Dr West replies: It’s great that you feel comfortable in yourself and ready to explore your sexuality and relationship style. This is something to do a bit of research on first before jumping in, in order to minimise any chance of heartbreak due to miscommunication, emotions, or assumptions.
Check that you are both on the same page when it comes to opening up your relationship. Similar to monogamy, there is no one-size-fits-all when it comes to open relationships. Talk with each other and see what you both understand when it comes to this topic. There are open relationships which are very casual, some that have a ‘don’t ask don’t tell’ policy, others where all partners date each other, and where there can be a relationship hierarchy or primary and secondary partners. Others prefer a relationship anarchy approach which rejects rules and what we ‘should’ do, as dictated by society. There are dozens of other ways to have relationships as well as these, so communicating what you want and are willing to try is essential. Of course, sexual health must be taken seriously if you are interacting with others.
Talk to your friends and see what they say about the realities of their relationships. It’s great to have some education from sex educators and poly advocates, but it’s also good to know about the on-the-ground details. What do your friends do if one of them has a break-up with a partner? How do they make space to process this while maintaining their other relationships? How do they manage family events and questions from family? There are great online workshops and books from poly educators such as Dr Liz Powell (drlizpowell.com), and Kevin and Antoinette Patterson from Poly Role Models, who were on episode nine of my podcast. There’s also the Instagram account @polyamoryireland that connects people interested in this lifestyle.
Jealousy is one of the main reasons why attempts at open/poly relationships can fall at the first hurdle. It can feel natural to be jealous — we are told by society that we should be in monogamous relationships and to immediately break up with someone who steps outside of the relationship, so it’s no wonder we can feel conflicted about how we really feel and how we think we should feel. Jealousy isn’t necessarily a bad thing — it can be a warning sign that there is something going on that needs to be talked about.
Combining honest communication with boundaries will be your roadmap for working towards a relationship that nourishes you. Boundaries can look like setting expectations about where you hook up with others. Is it your shared bed, or hotels? If you are using pet names, are you comfortable if he calls someone else the same pet name as you? How much do you need to know about each other’s extra relationships? What happens if you get sick — who looks after you or helps you out, and how is this communicated? These and other questions are important in any relationship, but especially so in a poly/open relationship.

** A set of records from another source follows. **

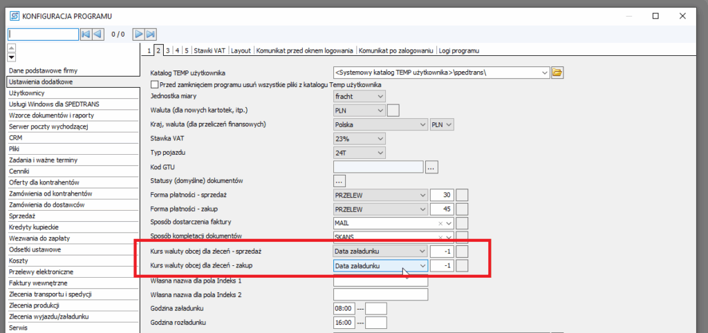 11. Konfiguracja – Kurs waluty dla zleceń rozdzielono na: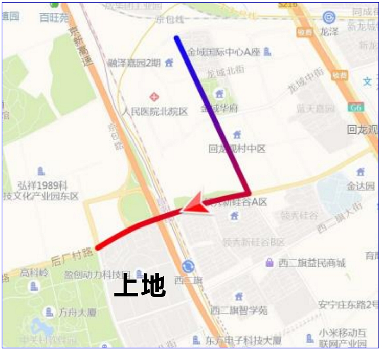 第一条线路:(北京) 龙域西一路↔西二旗北路↔后厂村路。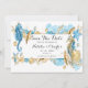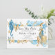 Sea and Beach Blue Gold Summer Wedding Save the Date Card mit Seepferden, Seesternen, Muscheln und Korallenriffen. Für eine erweiterte Anpassung dieses Designs, klicken Sie bitte auf den Button "Anpassen" oben! Matching-Elemente sind ebenfalls verfügbar.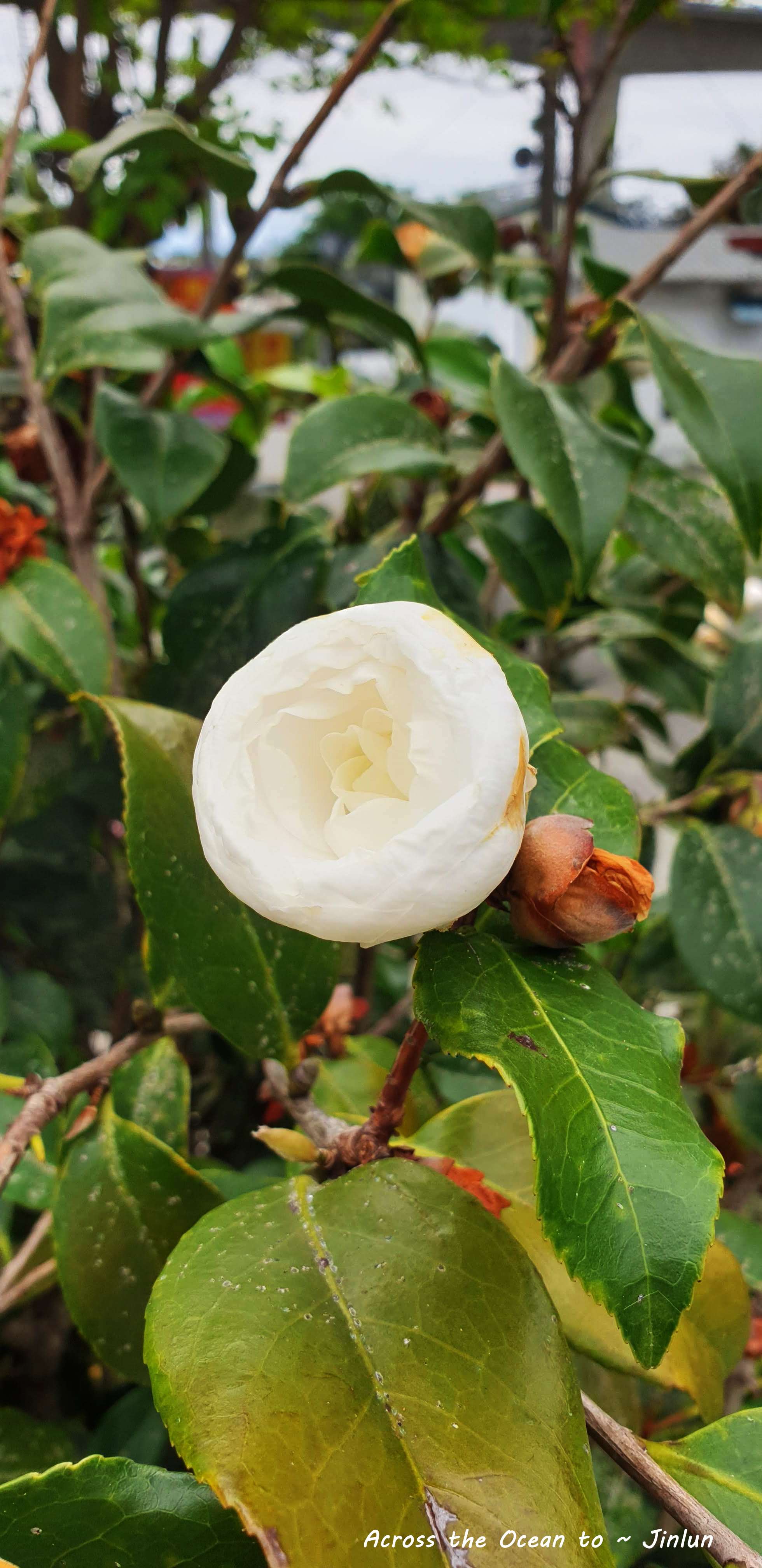 雨停了,想去看看太平洋,一走出去就看到這隻白貓穩穩地坐在台階上,毫無違和感,反而覺得我們這些遊客打擾它~哈哈哈。隔壁鄰居的山茶花經過幾天雨後的滋潤也開啟了花苞,躲在樹叢裡致意的綻放著,就像這個小鎮給我的感覺,寧靜又美好。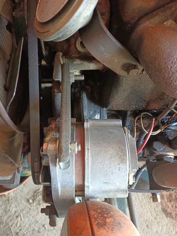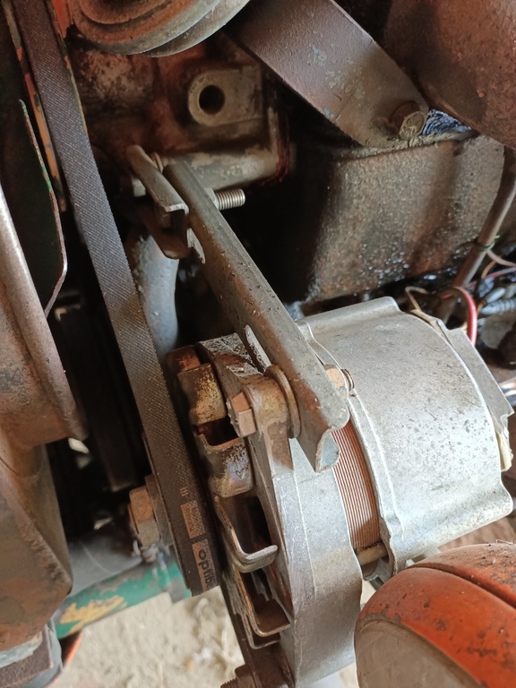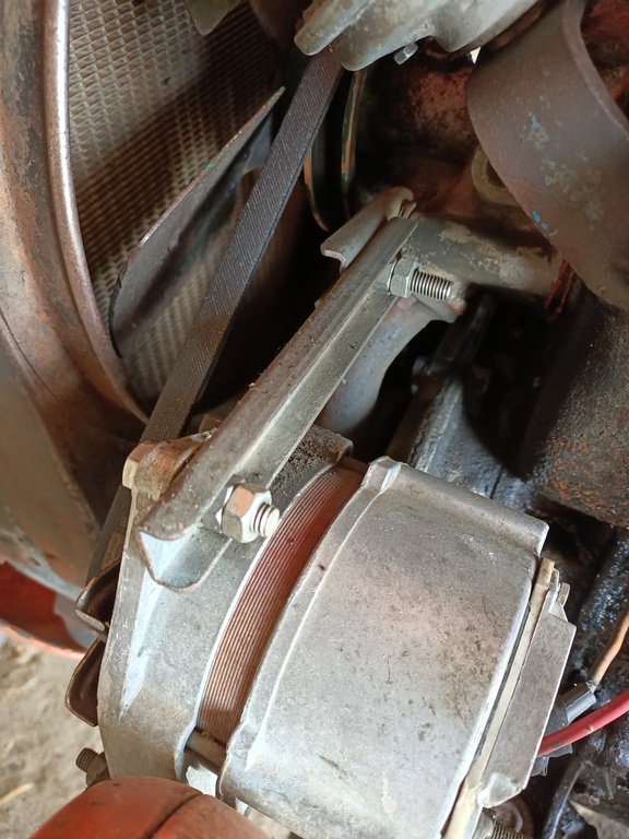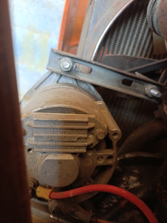 pour le montage de 2010 de l'alternateur ISKRA 14v. /33 Amp. sur le Som 25 D. Voici les photos que je t'ai envoyé .Je les joins ici car çà peut servir à d'autres membres. J'ai relevé l'appui du capot sur la console du tableau de bord de 7 cm env..

The ‘shoulds’ of relationships can be very limiting. Living our life by what others think we ‘should’ do means that we often miss out on what is really right for us, especially when it comes to relationships. People often think that there is one way we ‘should’ do relationships and judge others if they step outside of those boundaries. They may make comments that can be intrusive or unkind, sometimes coming from a place of lack of knowledge, sometimes jealousy, or sometimes they are projecting their own feelings onto your situation.
None of this you can control, but it is worth bearing in mind that being public with a non-monogamous relationship can mean dealing with people’s comments. Talking to your friends about how they manage this will be helpful, as well as information from sex educators.

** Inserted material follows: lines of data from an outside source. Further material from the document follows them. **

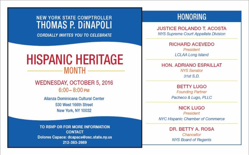 On Wednesday evening, please join me as our community hosts NYS Comptroller Tom DiNapoli for his annual Hispanic Heritage Month celebration. Comptroller DiNapoli will honor several of our community's own leaders including Senator Adriano Espaillat, Judge Rolando Acosta and NYS Board of Regents Chair Dr. Betty Rosa. This event will take place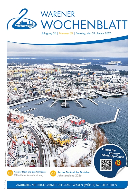 Die Nr. 3 des Warener Wochenblattes enthält eine öffentliche Ausschreibung, einen Bericht zum Jahresempfang sowie Informationen Widerspruchsrechte gegen die Datenübermittlung nach dem Bundesmeldegesetz (BMG)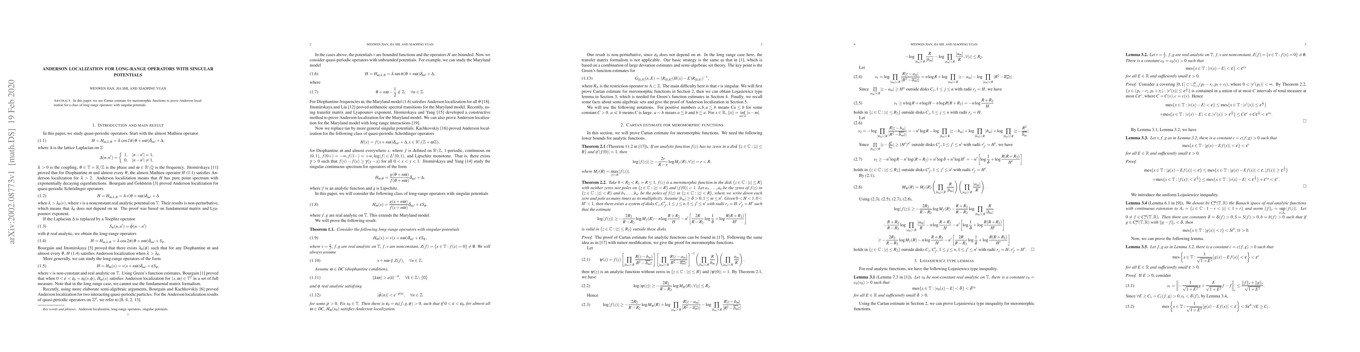 **Summary:** This research demonstrates Anderson localization for long-range operators with singular potentials using a Cartan estimate for meromorphic functions, establishing a novel theoretical framework for understanding such localization phenomena.
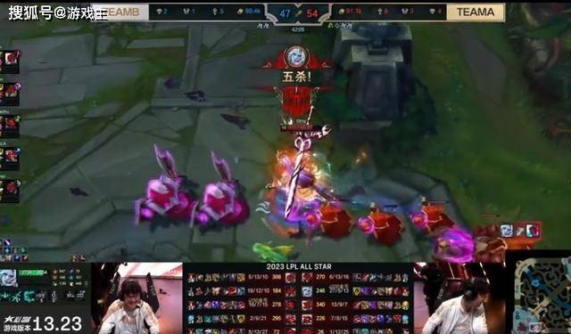 随着全明星正赛的开始,几名选手也是玩起来了,非常有意思的娱乐阵容,最初的时候老ig战队的几个人被分散到了不同的队伍,Rookie使用了阿水的卡莎皮肤,结果在河道不断跳舞的时候,被the shy的ez直接给偷袭了。几轮游戏过后,宁王也是拍了一下子晒的肩膀,两个人直接起身坐到了另一个队伍边上,曾经的梦幻阵容再次合体,也勾起了很多老粉丝的回忆,虽说是娱乐对抗,但是也将整个的比赛节奏拉满了。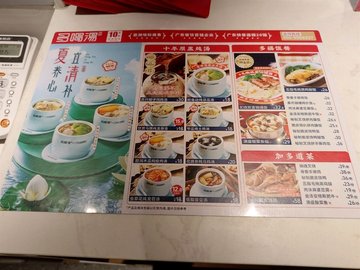多喝汤,在广州开了好几家分店了;这家的环境不错,位置也好多,地面很干净,服务周到。茶树菇鸡套餐26元,听服务员介绍说是新品,所以决定试试,套餐有一份青菜和米饭,还送了份海带。茶树菇份量很多,有点硬;鸡肉很淋,汤很清甜。茶树菇太多了,反而汤水很少。海带刚好一个人咯份量,上面有芝麻,看着红红的辣椒,就觉得好辣,吃入口,有点麻麻的感觉,脆香,确实挺辣的,不过味道很好,对于爱吃辣的朋友,别错过了,我可是一边喝汤,一边吃。米饭上面有玉米,饭很松软。青菜很鲜甜,不过份量很少。

In saying this, you also don’t have to be poly just because your partner wants to be, or because your friends are doing it. I know you said you wanted to explore but do it on your own terms — if it doesn’t feel right to you, you can still explore in different ways. Trust your gut, educate yourself as much as possible, work on your communication skills, and you will be much more likely to find the kind of relationship that works for you.